The authors cautioned that the findings may not be generalizable to other US regions, non-commercially insured patients, or those of lower SES.

"For example, Massachusetts was unusual for experiencing no increase in cardiovascular deaths during the first 2 pandemic months," they wrote. "Additional research may examine regions with lower concentrations of clinicians, lower SES, and higher CVD burden.

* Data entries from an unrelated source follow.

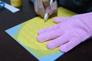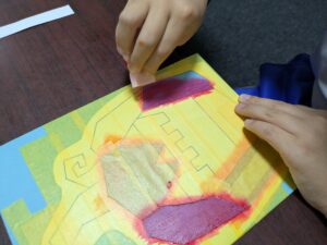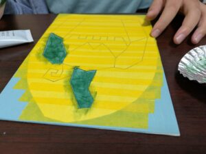 ただ絵をかいて色を塗るのもなんだか味気ないということで、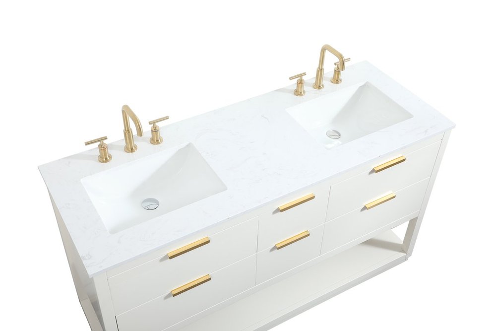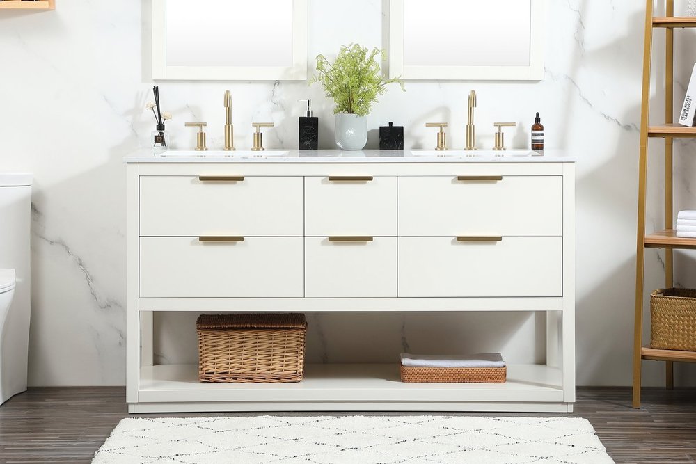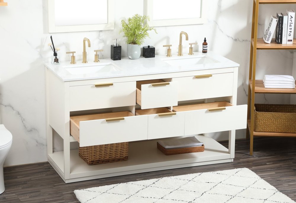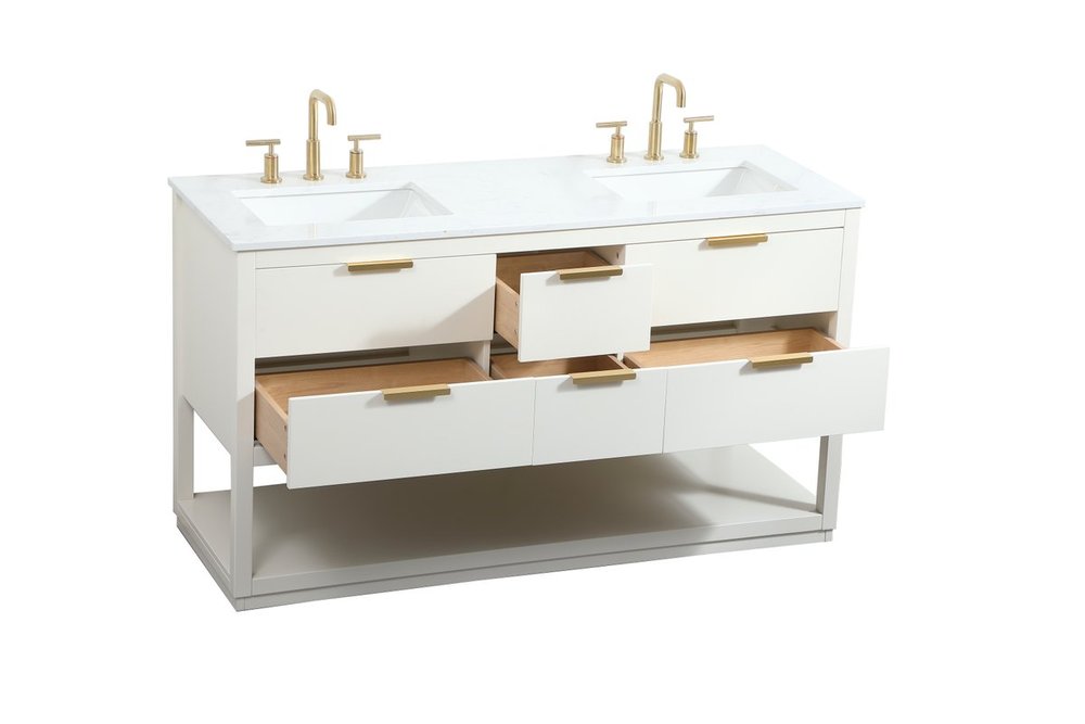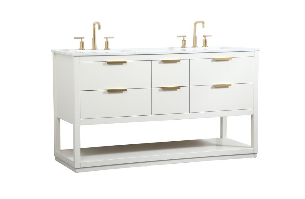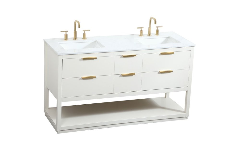 Live in modern comfort with this 60" white finish double vanity. Dressed in a white and sleek gold metal hardware, its contemporary style will have your bathroom or powder room elevated in modern sophistication. The open shelf at the base and five drawers reveal ample storage space for your bathroom essentials and miscellany. Clean lines create its own visual interest, adding trendy looks to your already chic room.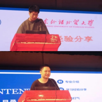 税收2101班谢志平与计算机系2205班程锦作为白云中学的优秀员工代表进行发言。谢志平分享了自己在高三时期的学习经验,他提出在最后的冲刺阶段需要专注于学习,同时注意劳逸结合,放平自身的心态,做到不轻言放弃。同时也分享了自己进入大学后丰富多彩的生活,如三下乡等实践活动,充实了自己的老员工活,带领白云中学的高三学子从另一个方面认识广外。程锦从课程内容、课时设置和校园生活等方面对自己在广外的学习生活进行了详细的介绍,分享了自己在广外生活的感触,希望帮助他们解决困惑,确立目标最终考入理想的大学。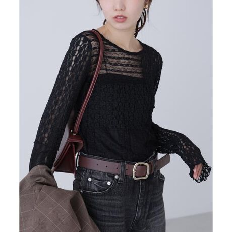 異なるレース柄をパッチワーク状にあしらった上品なロンT。透け感の異なる3種類のレースで女性らしさと抜け感を演出します。やや長めの袖はクシュっとすると手元が華やかになり、ニットやスウェットの袖口からのぞかせるのもおすすめ。シンプルなデザインなのでウエストインもアウトもしやすく、デニムと合わせるだけで映える一枚。コンパクトなシルエットなのでキャミワンピースやジャケットのインナーとしても着回せます。※モデルの着用画像の場合、光の当たり具合により、実際の色味と異なって見えることがございます。色味は、商品単体の画像をご参照ください。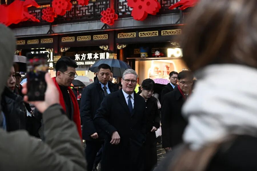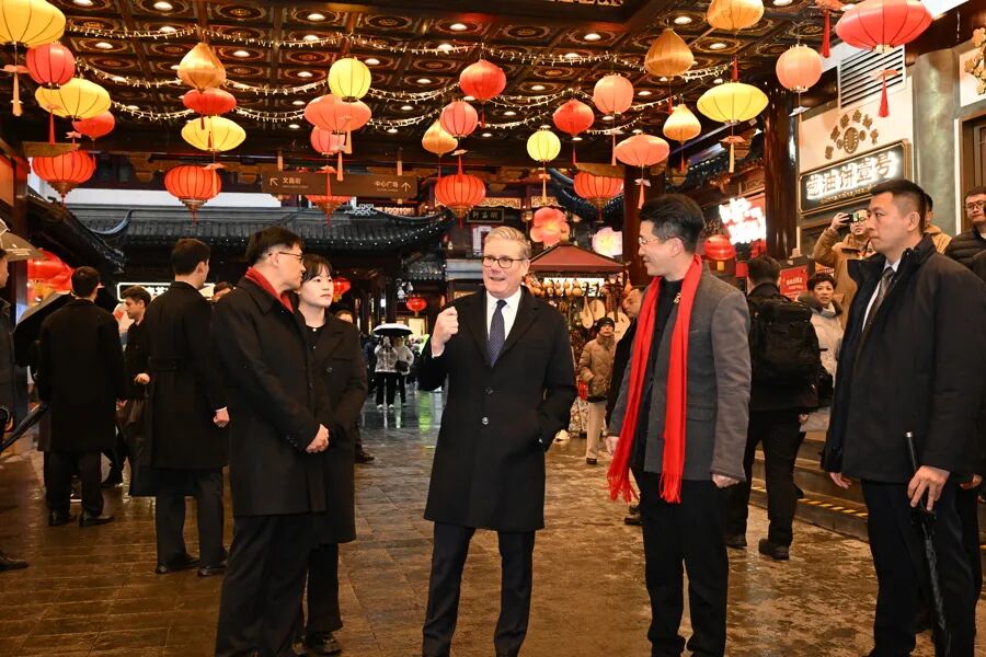 1月30日下午,天空下着细雨,英国首相斯塔默一行来到豫园,逛九曲桥,进湖心亭,与市民交流,感受中国传统文化。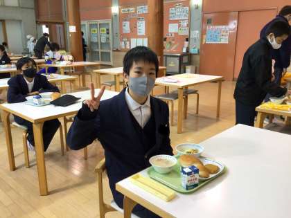 今日の給食も美味しくいただきました!ツイストパンでした!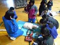 2018年1月16日 17時00分 2年生が2日間に分かれ、普通救命講習Ⅰを受講しています。今日は喜多方広域消防署から4名の署員の方においでいただき、3時間の救命講習を指導していただきました。心臓マッサージや人工呼吸などの心肺蘇生法やAEDの使い方などを学びました。

This study, combined with future studies, could help policymakers and insurers anticipate changes in major health outcomes during periods of limited health care access."

'Tsunami' of heart disease likely

In a related commentary, Rishi Wadhera, MD, MPP, MPhil, of Beth Israel Deaconess Medical Center and Harvard Medical School, warned not to interpret the drop in cardiovascular hospitalizations as a decline in the actual incidence of CVEs, "given the sharp increase in population-level cardiovascular deaths that occurred during the pandemic, which erased nearly a decade of progress."

Together, these spillover effects may have severe and far-reaching repercussions for cardiovascular morbidity and mortality long after the pandemic is over.

Many adults, Wadhera said, experienced disrupted outpatient care, preventive screenings, and treatment for chronic conditions such as high blood pressure and diabetes, along with worsening social determinants of health such as unemployment and other financial hardships.

"Together, these spillover effects may have severe and far-reaching repercussions for cardiovascular morbidity and mortality long after the pandemic is over," he wrote. "Clinicians, health systems, and public health leaders will need to prepare for the tsunami of cardiovascular risk factors and diseases that will likely emerge in the years that follow the pandemic."